Barron’s, the weekly publication owned by the Wall Street Journal, in its latest issue mentions several names:
Boeing not a sell just yet – Boeing (BA) stock has come quite far, quite fast and the pace has only accelerated in 2018, but such a rapid rise could reflect an overly optimistic outlook for the airplane manufacturer that could be difficult to meet, Ben Levisohn writes in this week’s edition of Barron’s. Nonetheless, Boeing is not a sell just yet, he argues. While at first glance, betting on Boeing now seems like a risk, the stock can remain extended for a long time, Levisohn adds.
Netflix among likely candidates for an Apple purchase – Especially for tech companies, tax cuts will boost dividends, buybacks, and mergers and acquisitions, but tech usually has a hard time putting vast amounts of cash to work as it requires little R&D to produce huge amounts of revenue, Tiernan Ray writes in this week’s edition of Barron’s. For example, Apple (AAPL) does not have many places to invest that will demonstrably boost financial results. Without the excuse that the cash is stuck overseas, pressure may grow for Apple to do something big, with Netflix (NFLX) as the most likely candidate for a purchase, he contends.

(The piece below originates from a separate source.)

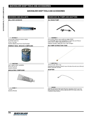 QUICKSILVER® OIL, FLUIDS & LUBRICANTS ADHESIVES AND SEALANTS CRANKCASE OIL PUMPS AND ADAPTERS

Still time to shop Walmart shares as company makes changes – In a follow-up story, Barron’s notes that some Walmart’s experiments, like curbside pickup for groceries, are getting solid results, and points out that late-year shopping was robust and corporate tax cuts have warmed investors to retailers. While high-income taxpayers will get larger cuts amid the new tax reform than low- and middle-income ones, those are more likely to spend the extra money, which bodes wells for Walmart, publication said, adding that Walmart continues making changes, such as paying one-time bonuses and closing 63 underperforming Sam’s Club locations.